Login hangs after kernel message...
timestamp1593115740001
Update (6/29/20):
The login hang was caused by high I/O load which is returning after a weekend hiatus. Unfortunately, limiting the I/O on the login is not yet feasible due to the design of the system. The issue is not due to a lack of memory, CPU, or bandwidth on the login but the ability of the login to process lots of I/O by users (including transfers and local login processes). The issue is not present when performing the same work on compute nodes (transfers, normal commands, writing files, etc.). Short of an entire system redesign, we are planning a way forward with the way storage is used and configured on Memex. The earliest possible change(s) will be made during the July 8th shutdown. Details will be sent once those plans are set.
Incident (06/24/20 @1540):
Login stalled after the global message below
kernel:NMI watchdog: BUG: soft lockup - CPU#10 stuck for 23s! [$IP-m:69361]
Message from syslogd@memex at Jun 24 12:23:02 ...
kernel:NMI watchdog: BUG: soft lockup - CPU#10 stuck for 22s! [$IP-m:69361]
Message from syslogd@memex at Jun 24 12:23:34 ...

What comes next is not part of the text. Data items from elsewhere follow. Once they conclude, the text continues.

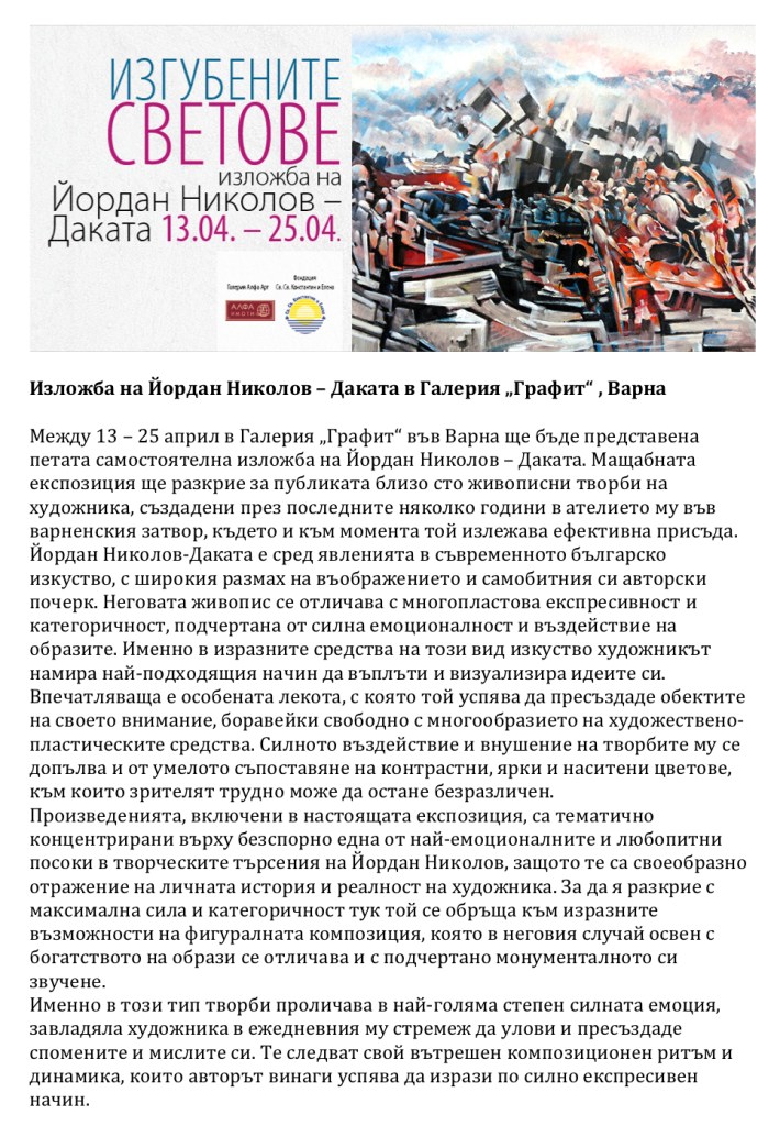 Статия за изложба в галерия “Графити”, гр.Варна https://www.graffitgallery.com/?p=2063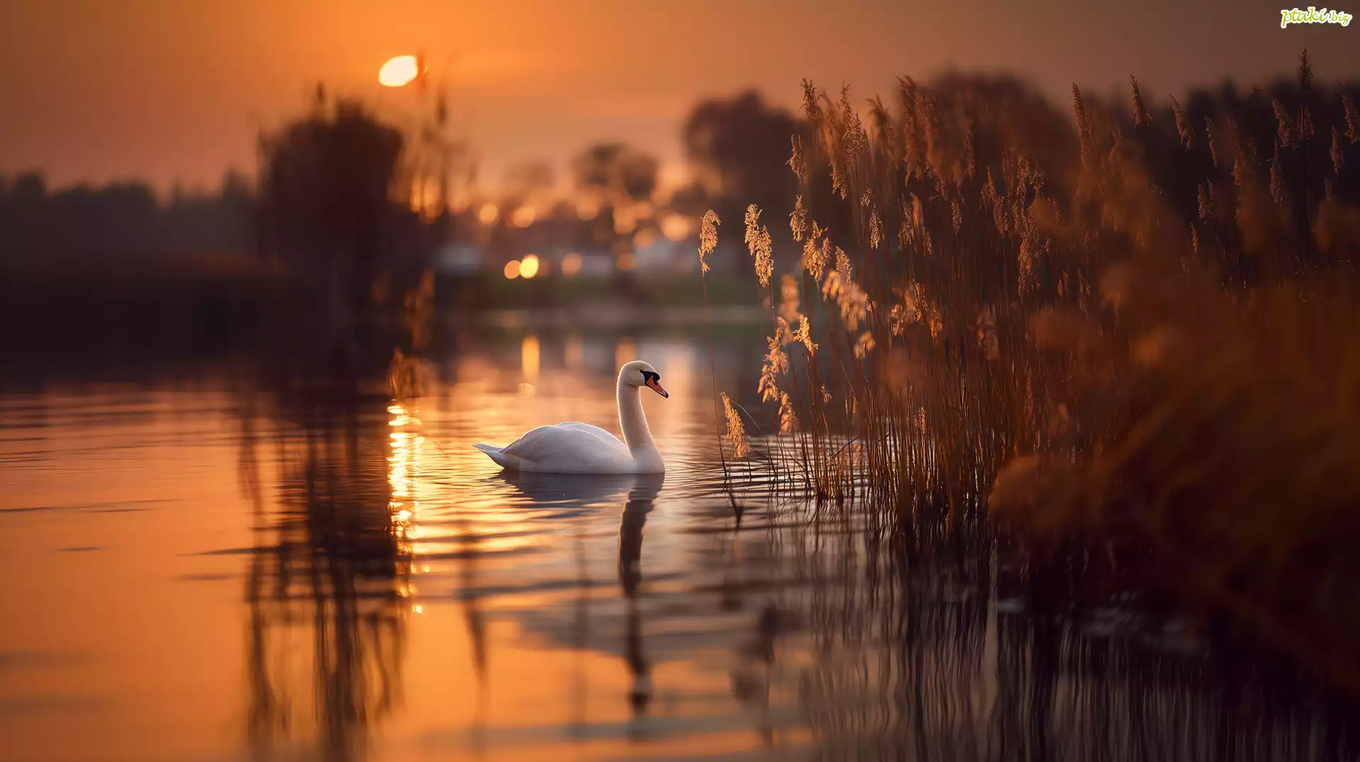 Łabędź, Ptak, Jezioro, Szuwary, Grafika AI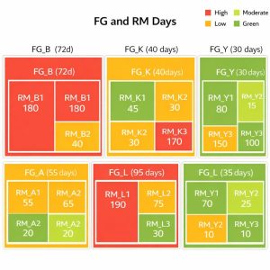 This treemap shows Finished Goods inventory days alongside their underlying RawMaterial exposure, making it easy to identify FG risks driven by specific RMoverstock or shortages.

kernel:NMI watchdog: BUG: soft lockup - CPU#10 stuck for 23s! [$IP-m:69361]
Message from syslogd@memex at Jun 24 12:24:02 ...
kernel:NMI watchdog: BUG: soft lockup - CPU#10 stuck for 23s! [$IP-m:69361]
Message from syslogd@memex at Jun 24 12:24:30 ...
kernel:NMI watchdog: BUG: soft lockup - CPU#10 stuck for 22s! [$IP-m:69361]
Message from syslogd@memex at Jun 24 12:24:58 ...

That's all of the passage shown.